As the breadth and depth of data available concerning each gene grows, two major challenges will need to be met, if these data are to be used optimally for assessments of disease-gene candidacy. The first challenge lies in displaying all these disparate data types - and related text-based information from the literature - to the user in such a way as to inform and assist decisions about positional-candidate prioritization. Through the EnsMart [45] component of the Ensembl database, it is already possible to combine information on genomic location, expression state (defined by a controlled expression vocabulary [42]), and the various functional attributes encoded by Gene Ontology terms [46, 47]. The GeneSeeker program allows users to query on the basis of position, expression state and some phenotypic attributes [48]. Key to continued progress in this area is the construction of suitable controlled vocabularies or ontologies that permit uniform comparison of data from differing platforms, databases and species. These will allow additional attributes (see Table 1) to become increasingly accessible to the candidate-prioritization process.

The second challenge will be the development of, and validation of, heuristics for candidate-gene prioritization that take account of the range of data available and the domain expertise of the biologist as regards the disease or phenotype of interest.

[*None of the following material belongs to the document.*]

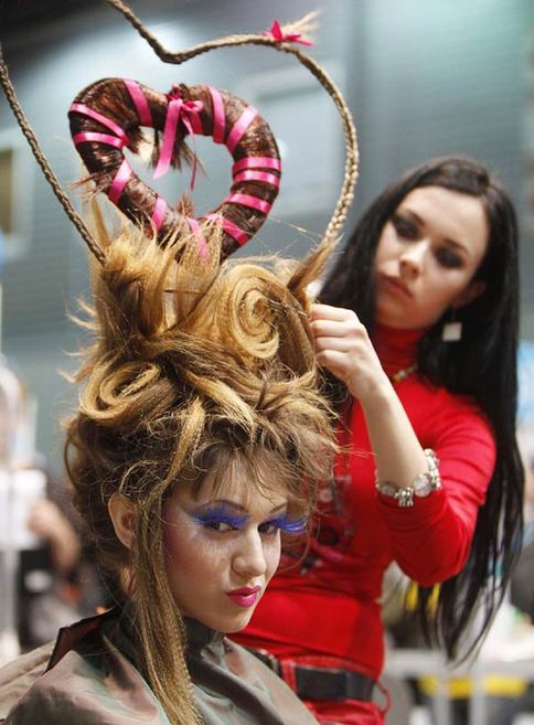 A hairdresser puts the finishing touches to a creation at the "Kiev Cup", a qualifying tournament for the Ukranian championship of hairdressing and make-up in Kiev Feb 9, 2011.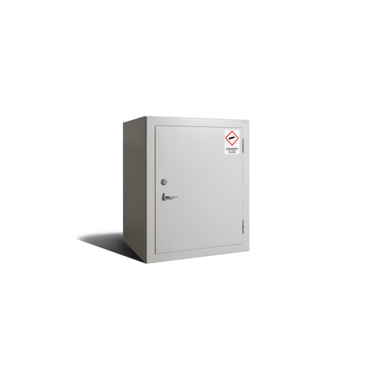 Skap for oppbevaring av brannfarlige gasser. Branntestet EI30. Skapet skal plasseres mot yttervegg, og ventilasjonen dras gjennom veggen uten mekanisk ventilasjon. 2 ventilasjonstilkoplinger i ryggen. Hvis plassering mot yttervegg ikke er mulig, kreves mekanisk ventilasjon. Godkjent iht. SÄIFS 1998:7. Leveres uten vogn og rampe.

One interesting approach will be to consider the topography of expression, regulatory and protein-protein interaction networks; proteins that are known to be hubs of such networks show higher degrees of conservation [49] and may therefore be more likely disease candidates. Other current efforts have used Gene Ontology terms to group genes with similar properties, identifying potential candidates on the basis of potential functional overlap with known disease genes previously implicated in related diseases [50, 51].

In conclusion, we have outlined some of the approaches currently being developed and applied to aid the identification of the genes that influence susceptibility to the major diseases that afflict mankind. These approaches are increasingly contingent on the integration of information from diverse data sources, and success will be dependent on overcoming the significant cultural and technical challenges that this imposes.